» Data segment:

Segment Open

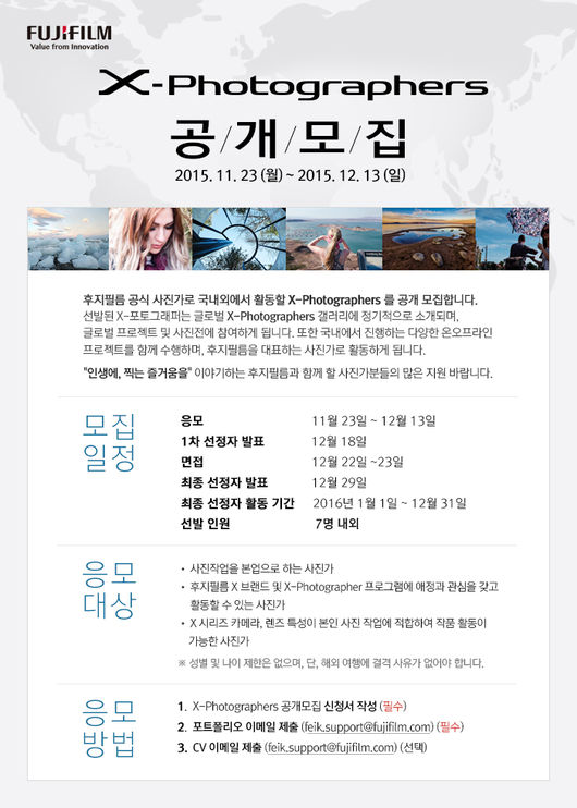 서류 발표는 12월 18일, 최종 발표는 12월 29일로 예정되어 있다. X-포토그래퍼스 모집 및 활동에 대한 자세한 내용은 후지필름 코리아 홈페이지(http://fujifilm-korea.co.kr)를 통해 확인할 수 있다.
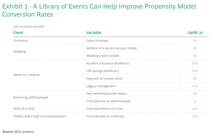 Banks can also complement static propensity models with dynamic models, such as a library (a precompiled list) of events. We’ve seen some events can increase lead conversion by 10% to over 130%, though the amount of the increase depends on the insurance product. (See Exhibit 1.)
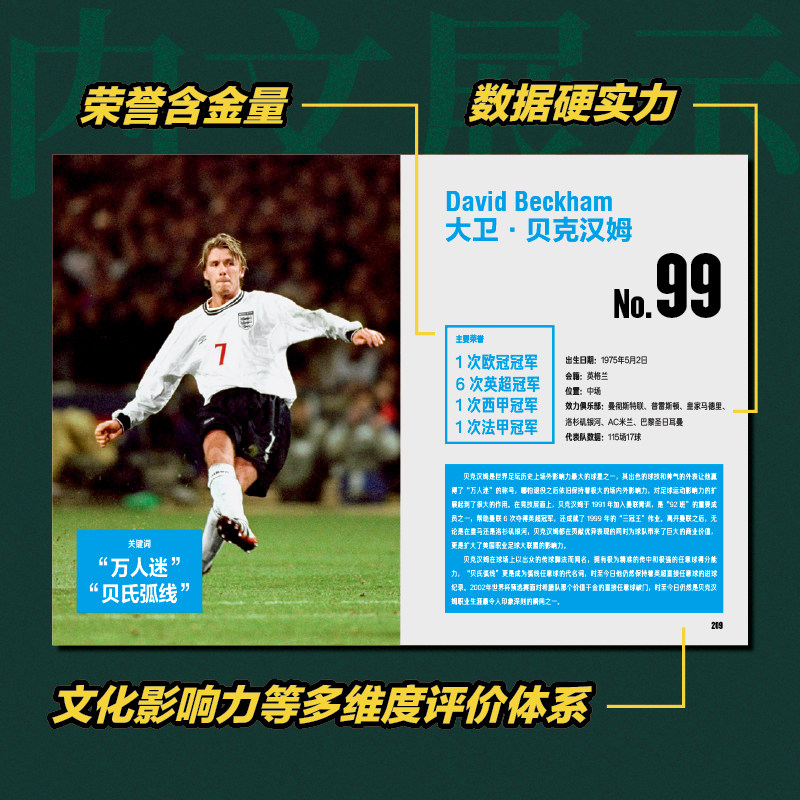 【官方正版】世界足坛百大巨星 100位球星的传奇经历 国内首部聚焦足坛巨星历史地位之书 贝利、马拉多纳、C罗、梅西

Segment Closed

» Work required:
When you copy the data above, keep each line exact and omit the pictures.

» Written solution:
 서류 발표는 12월 18일, 최종 발표는 12월 29일로 예정되어 있다. X-포토그래퍼스 모집 및 활동에 대한 자세한 내용은 후지필름 코리아 홈페이지(http://fujifilm-korea.co.kr)를 통해 확인할 수 있다.
 Banks can also complement static propensity models with dynamic models, such as a library (a precompiled list) of events. We’ve seen some events can increase lead conversion by 10% to over 130%, though the amount of the increase depends on the insurance product. (See Exhibit 1.)
 【官方正版】世界足坛百大巨星 100位球星的传奇经历 国内首部聚焦足坛巨星历史地位之书 贝利、马拉多纳、C罗、梅西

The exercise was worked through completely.